This work investigates the construction of linear codes with desirable properties over finite non-chain rings by leveraging simplicial complexes with multiple maximal elements and the defining-set approach. It introduces, for the first time, such multi-maximal-element simplicial complexes into code constructions over these rings and systematically establishes sufficient conditions for obtaining minimal codes, optimal codes, self-orthogonal codes, and locally recoverable codes. Through Gray maps and subfield-subcode analysis, the study yields several families of divisible codes, projective few-weight codes, and locally recoverable codes with small locality. Furthermore, it characterizes the minimal access structures of secret sharing schemes based on dual minimal codes and explicitly constructs several strongly regular graphs from two-weight codes, thereby extending the applications of coding theory in cryptography and combinatorial design.
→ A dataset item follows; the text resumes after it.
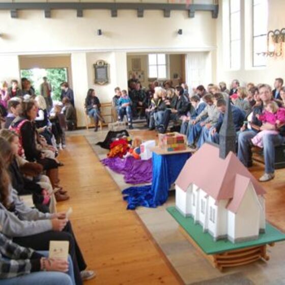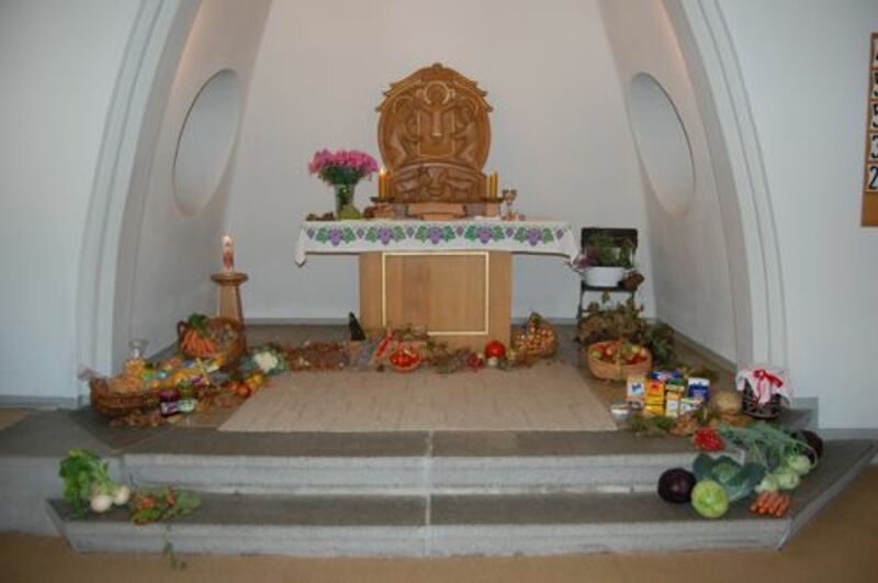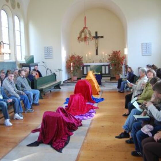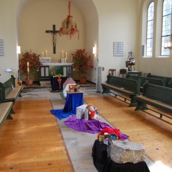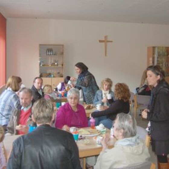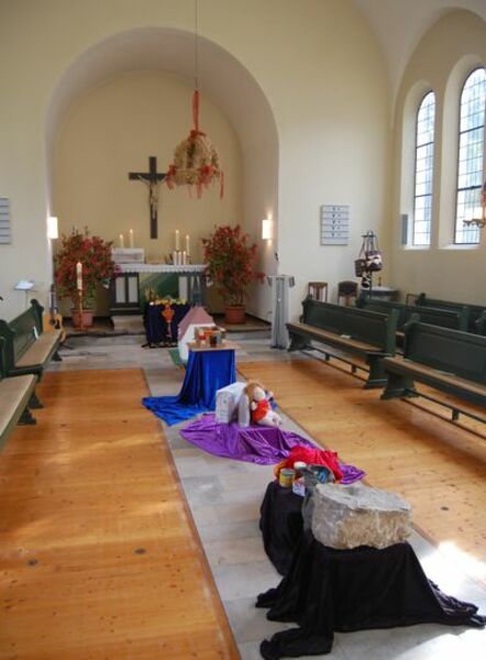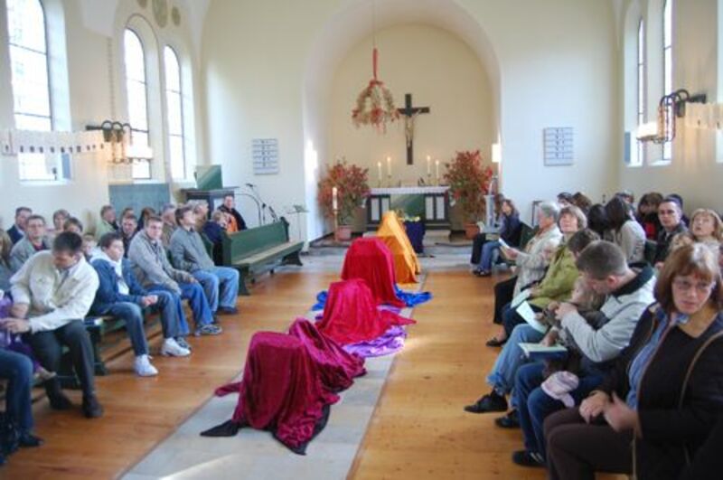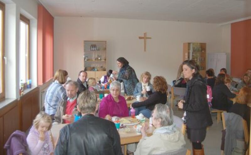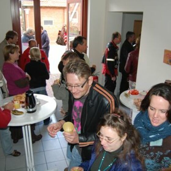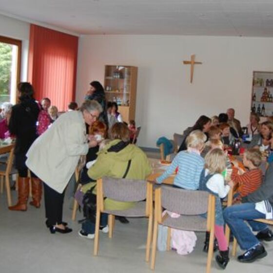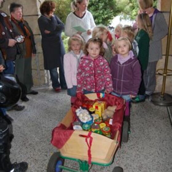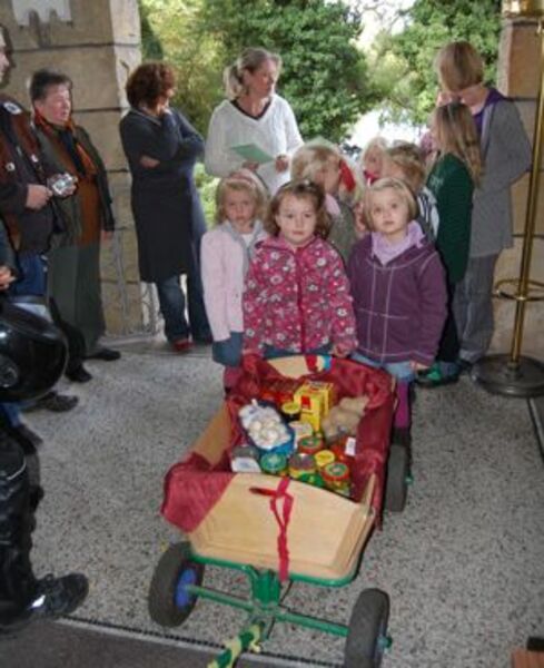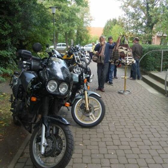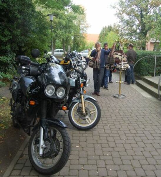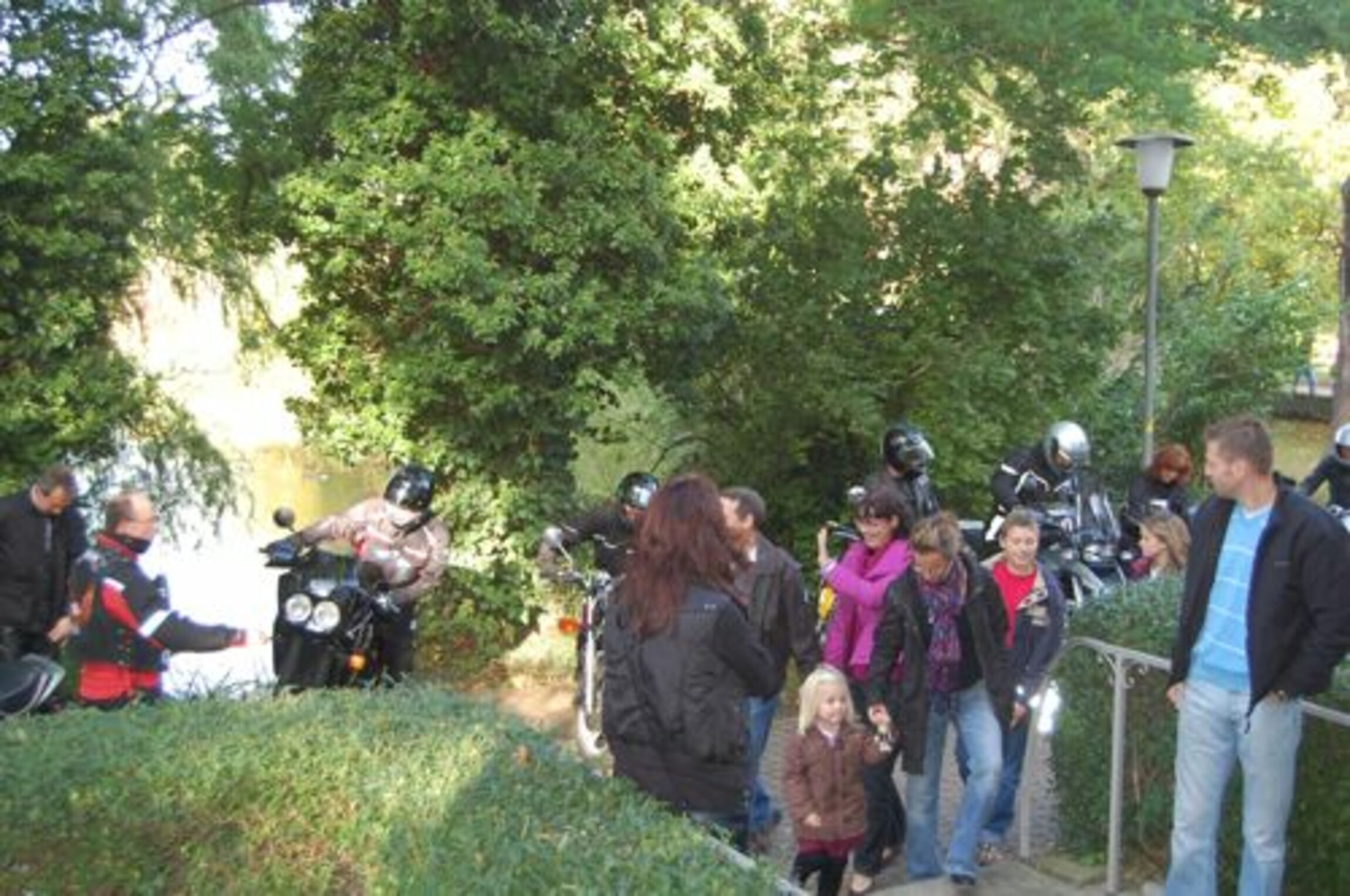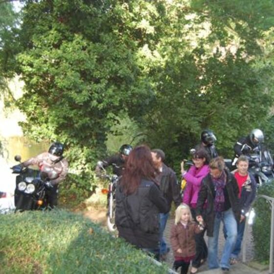 Vor St. Andreas treffen die Besucherinnen und Besucher des Familiengottesdienstes ein - unter ihnen auch viele Mitglieder der Motorradfreunde Harsum, die noch etwas Besionderes im Gepäck haben: einen Scheck über 200,- € - der Erlös vom Motorradgottesdienst für die Regfenbogen Kinderkrippe - Herzlichen Dank dafür!

In this article, we investigate the construction of linear codes over a finite ring $\mathcal{S}$, where $\mathcal{S}$ is taken to be an extension of a commutative non-unital ring $I$ of order $p^2$. Our approach is based on the defining set method. The defining sets considered in this work are derived from general simplicial complexes that may contain multiple maximal elements. We determine the parameters of these codes over $\mathcal{S}$ and study their Gray images. We also study the corresponding subfield-like codes. We show that these Gray image codes and subfield-like codes produce several families of divisible codes. Furthermore, we establish sufficient conditions under which these codes are minimal, optimal, and self-orthogonal. As applications of our results, we obtain several families of projective few-weight codes, and locally recoverable codes with small locality. We also study the minimal access structures of secret-sharing schemes associated with the duals of these minimal codes. Moreover, we construct several families of strongly regular graphs from projective two-weight codes and determine their parameters explicitly.